(Dataset items)
╔══

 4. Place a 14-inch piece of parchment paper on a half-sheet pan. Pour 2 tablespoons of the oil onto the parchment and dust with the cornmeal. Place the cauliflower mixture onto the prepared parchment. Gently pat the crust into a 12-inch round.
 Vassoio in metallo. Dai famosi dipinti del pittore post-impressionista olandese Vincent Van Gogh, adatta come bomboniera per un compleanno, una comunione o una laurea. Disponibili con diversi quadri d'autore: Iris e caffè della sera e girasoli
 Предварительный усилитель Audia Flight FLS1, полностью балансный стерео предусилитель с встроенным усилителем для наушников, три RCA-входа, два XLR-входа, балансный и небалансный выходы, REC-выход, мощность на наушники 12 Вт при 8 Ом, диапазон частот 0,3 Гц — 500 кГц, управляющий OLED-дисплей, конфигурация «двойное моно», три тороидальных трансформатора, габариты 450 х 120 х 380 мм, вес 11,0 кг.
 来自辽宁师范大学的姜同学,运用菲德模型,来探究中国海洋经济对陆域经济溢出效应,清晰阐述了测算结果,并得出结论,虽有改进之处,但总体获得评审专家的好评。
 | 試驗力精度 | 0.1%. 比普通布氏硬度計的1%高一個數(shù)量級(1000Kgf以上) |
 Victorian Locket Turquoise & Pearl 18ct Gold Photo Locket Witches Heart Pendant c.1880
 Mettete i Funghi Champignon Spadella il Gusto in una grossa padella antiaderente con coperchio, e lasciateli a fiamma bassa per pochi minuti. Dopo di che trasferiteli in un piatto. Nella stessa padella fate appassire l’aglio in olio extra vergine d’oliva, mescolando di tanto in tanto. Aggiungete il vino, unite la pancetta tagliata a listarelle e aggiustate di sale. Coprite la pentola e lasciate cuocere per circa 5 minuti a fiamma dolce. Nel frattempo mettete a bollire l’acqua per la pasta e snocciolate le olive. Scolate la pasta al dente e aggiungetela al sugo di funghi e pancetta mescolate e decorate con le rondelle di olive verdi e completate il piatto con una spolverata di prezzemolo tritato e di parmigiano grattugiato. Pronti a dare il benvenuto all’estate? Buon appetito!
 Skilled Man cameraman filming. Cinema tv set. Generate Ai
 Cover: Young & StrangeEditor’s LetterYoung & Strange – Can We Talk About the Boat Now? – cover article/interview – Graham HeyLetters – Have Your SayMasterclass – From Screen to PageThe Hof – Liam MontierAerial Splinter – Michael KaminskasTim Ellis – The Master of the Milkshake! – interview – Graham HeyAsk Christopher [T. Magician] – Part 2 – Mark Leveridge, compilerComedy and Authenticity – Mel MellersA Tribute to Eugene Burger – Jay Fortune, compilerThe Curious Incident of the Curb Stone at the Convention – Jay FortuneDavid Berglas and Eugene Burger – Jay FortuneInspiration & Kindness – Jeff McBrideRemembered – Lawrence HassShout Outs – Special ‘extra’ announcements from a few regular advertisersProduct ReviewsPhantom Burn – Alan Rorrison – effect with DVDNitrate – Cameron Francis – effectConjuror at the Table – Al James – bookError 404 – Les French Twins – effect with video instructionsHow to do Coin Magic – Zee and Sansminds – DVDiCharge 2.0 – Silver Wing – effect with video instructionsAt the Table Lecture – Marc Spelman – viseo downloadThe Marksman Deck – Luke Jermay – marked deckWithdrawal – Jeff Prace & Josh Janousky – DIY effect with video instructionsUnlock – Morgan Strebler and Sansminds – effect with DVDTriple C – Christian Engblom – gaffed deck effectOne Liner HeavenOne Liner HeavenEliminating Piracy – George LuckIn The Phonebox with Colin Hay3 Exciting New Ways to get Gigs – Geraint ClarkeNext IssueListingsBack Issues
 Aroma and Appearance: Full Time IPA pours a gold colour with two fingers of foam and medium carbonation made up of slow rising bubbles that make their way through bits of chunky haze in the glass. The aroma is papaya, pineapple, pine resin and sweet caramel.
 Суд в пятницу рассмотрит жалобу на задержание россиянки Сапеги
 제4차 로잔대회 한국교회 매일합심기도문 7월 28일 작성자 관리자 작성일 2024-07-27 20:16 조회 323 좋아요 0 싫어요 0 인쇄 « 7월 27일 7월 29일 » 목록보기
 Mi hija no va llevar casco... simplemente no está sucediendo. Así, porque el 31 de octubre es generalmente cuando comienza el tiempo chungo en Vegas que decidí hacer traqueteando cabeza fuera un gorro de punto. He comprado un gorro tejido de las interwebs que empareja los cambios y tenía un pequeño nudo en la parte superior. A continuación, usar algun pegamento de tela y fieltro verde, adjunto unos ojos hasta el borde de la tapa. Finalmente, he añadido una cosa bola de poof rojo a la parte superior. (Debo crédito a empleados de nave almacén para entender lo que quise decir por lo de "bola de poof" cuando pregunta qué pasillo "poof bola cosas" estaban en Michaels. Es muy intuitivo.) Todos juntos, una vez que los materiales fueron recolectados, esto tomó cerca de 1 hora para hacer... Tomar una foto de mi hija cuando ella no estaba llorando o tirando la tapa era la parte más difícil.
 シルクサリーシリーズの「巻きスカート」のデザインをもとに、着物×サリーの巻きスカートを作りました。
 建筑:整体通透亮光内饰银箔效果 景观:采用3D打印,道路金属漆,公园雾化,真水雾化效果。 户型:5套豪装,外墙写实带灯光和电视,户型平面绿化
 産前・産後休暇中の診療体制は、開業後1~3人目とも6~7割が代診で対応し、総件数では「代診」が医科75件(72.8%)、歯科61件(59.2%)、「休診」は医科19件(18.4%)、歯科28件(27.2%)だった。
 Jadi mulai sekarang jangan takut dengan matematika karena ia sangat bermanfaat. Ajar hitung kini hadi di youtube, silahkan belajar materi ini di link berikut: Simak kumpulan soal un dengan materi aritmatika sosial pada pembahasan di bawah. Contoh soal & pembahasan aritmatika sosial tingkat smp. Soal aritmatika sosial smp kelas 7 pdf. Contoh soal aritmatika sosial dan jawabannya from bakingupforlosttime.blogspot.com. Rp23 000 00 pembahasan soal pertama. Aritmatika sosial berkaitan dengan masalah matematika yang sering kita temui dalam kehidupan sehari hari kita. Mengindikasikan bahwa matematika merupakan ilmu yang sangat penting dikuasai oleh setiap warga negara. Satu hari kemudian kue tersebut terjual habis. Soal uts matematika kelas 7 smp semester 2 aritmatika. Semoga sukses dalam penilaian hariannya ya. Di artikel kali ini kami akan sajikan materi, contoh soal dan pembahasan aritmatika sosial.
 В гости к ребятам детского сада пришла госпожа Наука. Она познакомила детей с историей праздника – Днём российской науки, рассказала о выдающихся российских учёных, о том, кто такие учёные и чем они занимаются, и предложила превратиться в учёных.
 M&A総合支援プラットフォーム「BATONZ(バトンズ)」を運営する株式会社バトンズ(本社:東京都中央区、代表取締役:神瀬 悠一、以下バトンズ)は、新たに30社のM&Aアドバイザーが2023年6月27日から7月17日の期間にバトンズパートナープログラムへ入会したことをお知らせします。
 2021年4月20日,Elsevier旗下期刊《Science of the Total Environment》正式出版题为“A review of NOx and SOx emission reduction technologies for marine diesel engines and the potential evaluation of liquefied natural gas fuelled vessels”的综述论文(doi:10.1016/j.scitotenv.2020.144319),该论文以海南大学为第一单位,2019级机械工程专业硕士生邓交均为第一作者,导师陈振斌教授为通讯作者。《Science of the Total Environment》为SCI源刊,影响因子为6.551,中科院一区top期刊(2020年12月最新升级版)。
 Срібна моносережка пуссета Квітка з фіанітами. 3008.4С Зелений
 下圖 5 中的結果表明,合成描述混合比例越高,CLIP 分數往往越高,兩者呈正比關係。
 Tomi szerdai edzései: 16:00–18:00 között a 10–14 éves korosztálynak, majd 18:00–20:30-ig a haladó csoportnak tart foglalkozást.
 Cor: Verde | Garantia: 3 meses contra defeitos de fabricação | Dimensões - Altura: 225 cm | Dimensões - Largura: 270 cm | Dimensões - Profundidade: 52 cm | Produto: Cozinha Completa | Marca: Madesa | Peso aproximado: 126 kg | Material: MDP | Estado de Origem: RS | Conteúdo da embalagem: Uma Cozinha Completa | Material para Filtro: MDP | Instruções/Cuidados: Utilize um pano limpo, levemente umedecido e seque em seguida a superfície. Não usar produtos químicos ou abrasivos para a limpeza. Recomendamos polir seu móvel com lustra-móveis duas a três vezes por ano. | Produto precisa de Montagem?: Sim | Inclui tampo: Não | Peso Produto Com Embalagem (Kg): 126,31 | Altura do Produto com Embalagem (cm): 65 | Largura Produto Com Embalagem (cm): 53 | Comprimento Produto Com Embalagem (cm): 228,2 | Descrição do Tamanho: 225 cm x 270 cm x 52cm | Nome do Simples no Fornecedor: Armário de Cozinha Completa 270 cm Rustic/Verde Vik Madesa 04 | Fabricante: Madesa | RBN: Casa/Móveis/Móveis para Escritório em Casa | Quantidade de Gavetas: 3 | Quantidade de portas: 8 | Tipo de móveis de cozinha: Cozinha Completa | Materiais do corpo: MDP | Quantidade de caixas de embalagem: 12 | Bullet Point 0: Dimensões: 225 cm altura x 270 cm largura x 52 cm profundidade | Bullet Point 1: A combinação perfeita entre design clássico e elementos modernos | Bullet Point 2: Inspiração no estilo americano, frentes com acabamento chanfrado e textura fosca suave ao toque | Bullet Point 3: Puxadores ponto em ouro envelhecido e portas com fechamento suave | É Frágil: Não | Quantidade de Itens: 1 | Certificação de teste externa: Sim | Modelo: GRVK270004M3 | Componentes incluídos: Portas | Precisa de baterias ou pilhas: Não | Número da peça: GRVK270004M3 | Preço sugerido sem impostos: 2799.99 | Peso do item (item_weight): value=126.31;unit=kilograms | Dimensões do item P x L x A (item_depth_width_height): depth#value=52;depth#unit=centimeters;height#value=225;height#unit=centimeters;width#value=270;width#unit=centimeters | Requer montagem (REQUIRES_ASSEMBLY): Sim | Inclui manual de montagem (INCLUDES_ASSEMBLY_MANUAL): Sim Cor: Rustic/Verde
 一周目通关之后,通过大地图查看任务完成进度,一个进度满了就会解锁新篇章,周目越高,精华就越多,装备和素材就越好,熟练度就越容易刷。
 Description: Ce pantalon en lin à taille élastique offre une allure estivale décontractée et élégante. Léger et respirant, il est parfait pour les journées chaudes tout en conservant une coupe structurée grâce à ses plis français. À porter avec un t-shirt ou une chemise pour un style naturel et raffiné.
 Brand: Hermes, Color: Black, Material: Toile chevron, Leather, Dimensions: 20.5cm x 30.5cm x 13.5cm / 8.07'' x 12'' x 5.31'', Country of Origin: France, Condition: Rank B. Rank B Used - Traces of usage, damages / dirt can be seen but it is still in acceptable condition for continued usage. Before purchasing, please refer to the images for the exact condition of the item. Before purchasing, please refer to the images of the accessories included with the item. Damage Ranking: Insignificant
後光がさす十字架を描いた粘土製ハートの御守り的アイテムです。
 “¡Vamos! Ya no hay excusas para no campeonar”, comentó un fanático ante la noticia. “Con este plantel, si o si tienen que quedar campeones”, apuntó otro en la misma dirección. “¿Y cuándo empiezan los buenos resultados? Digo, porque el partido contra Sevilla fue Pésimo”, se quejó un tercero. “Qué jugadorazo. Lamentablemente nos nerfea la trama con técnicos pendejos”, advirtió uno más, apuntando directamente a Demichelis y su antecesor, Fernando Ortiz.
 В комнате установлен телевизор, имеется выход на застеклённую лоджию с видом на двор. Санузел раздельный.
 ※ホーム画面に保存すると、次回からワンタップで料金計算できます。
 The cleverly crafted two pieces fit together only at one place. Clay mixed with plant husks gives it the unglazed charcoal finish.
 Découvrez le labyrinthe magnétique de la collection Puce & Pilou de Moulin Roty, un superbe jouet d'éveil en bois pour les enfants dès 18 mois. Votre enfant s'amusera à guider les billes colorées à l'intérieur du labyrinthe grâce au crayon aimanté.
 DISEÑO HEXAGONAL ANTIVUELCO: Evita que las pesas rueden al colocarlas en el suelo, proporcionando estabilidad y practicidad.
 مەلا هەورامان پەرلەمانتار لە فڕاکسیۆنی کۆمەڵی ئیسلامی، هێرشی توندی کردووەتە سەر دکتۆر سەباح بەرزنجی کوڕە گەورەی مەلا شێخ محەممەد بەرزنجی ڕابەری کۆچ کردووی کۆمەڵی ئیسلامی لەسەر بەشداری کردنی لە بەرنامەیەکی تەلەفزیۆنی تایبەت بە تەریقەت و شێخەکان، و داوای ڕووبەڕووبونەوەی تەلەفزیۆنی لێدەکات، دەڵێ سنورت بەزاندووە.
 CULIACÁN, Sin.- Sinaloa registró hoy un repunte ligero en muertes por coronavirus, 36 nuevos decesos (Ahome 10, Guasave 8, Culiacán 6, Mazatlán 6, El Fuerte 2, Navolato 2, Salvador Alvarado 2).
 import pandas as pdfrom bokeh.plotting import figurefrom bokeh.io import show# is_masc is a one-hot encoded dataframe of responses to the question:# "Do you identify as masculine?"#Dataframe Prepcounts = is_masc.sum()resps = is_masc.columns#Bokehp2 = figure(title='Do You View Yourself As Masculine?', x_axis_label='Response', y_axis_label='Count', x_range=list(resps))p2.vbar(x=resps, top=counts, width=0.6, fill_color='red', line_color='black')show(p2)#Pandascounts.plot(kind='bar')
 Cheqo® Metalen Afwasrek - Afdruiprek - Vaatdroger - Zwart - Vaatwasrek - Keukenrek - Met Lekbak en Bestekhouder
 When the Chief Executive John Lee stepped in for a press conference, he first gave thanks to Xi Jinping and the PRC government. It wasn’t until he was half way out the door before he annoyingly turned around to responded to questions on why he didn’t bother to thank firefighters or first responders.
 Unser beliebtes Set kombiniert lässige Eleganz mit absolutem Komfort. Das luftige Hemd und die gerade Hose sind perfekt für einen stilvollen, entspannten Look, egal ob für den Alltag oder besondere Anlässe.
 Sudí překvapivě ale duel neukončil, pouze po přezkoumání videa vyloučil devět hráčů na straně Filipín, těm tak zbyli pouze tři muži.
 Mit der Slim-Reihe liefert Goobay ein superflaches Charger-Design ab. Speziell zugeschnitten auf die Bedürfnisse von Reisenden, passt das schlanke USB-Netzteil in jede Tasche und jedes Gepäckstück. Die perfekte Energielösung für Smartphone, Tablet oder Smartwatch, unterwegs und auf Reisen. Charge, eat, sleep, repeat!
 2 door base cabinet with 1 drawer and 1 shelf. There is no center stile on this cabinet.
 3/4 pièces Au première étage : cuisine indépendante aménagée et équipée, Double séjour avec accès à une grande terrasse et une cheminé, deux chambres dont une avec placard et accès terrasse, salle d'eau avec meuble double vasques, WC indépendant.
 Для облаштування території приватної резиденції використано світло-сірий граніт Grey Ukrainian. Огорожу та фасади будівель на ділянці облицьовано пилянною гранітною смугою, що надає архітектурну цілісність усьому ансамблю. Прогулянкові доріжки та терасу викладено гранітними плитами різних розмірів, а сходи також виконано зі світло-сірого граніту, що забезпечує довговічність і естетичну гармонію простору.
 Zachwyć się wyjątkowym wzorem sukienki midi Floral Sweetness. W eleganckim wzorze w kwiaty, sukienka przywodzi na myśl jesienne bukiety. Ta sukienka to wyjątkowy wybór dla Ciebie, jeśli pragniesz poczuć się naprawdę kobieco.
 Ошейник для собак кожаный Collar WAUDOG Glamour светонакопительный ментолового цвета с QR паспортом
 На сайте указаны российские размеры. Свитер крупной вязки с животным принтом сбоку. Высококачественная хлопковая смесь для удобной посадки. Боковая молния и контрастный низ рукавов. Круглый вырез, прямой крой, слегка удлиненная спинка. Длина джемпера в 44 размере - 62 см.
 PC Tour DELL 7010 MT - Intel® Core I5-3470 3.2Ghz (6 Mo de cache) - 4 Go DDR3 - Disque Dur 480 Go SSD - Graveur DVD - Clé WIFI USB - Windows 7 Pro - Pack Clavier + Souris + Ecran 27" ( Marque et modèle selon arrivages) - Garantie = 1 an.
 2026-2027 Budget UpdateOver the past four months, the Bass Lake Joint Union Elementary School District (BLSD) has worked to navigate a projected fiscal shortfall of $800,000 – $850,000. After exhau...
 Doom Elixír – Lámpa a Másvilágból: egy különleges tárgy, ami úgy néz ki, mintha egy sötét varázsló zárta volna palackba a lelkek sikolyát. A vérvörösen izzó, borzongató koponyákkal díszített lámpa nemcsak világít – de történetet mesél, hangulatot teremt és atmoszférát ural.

╚══

INSTRUCTIONS TO FOLLOW — The answer must be every line of the data that holds the word "grâce".

REPLY —
 Description: Ce pantalon en lin à taille élastique offre une allure estivale décontractée et élégante. Léger et respirant, il est parfait pour les journées chaudes tout en conservant une coupe structurée grâce à ses plis français. À porter avec un t-shirt ou une chemise pour un style naturel et raffiné.
 Découvrez le labyrinthe magnétique de la collection Puce & Pilou de Moulin Roty, un superbe jouet d'éveil en bois pour les enfants dès 18 mois. Votre enfant s'amusera à guider les billes colorées à l'intérieur du labyrinthe grâce au crayon aimanté.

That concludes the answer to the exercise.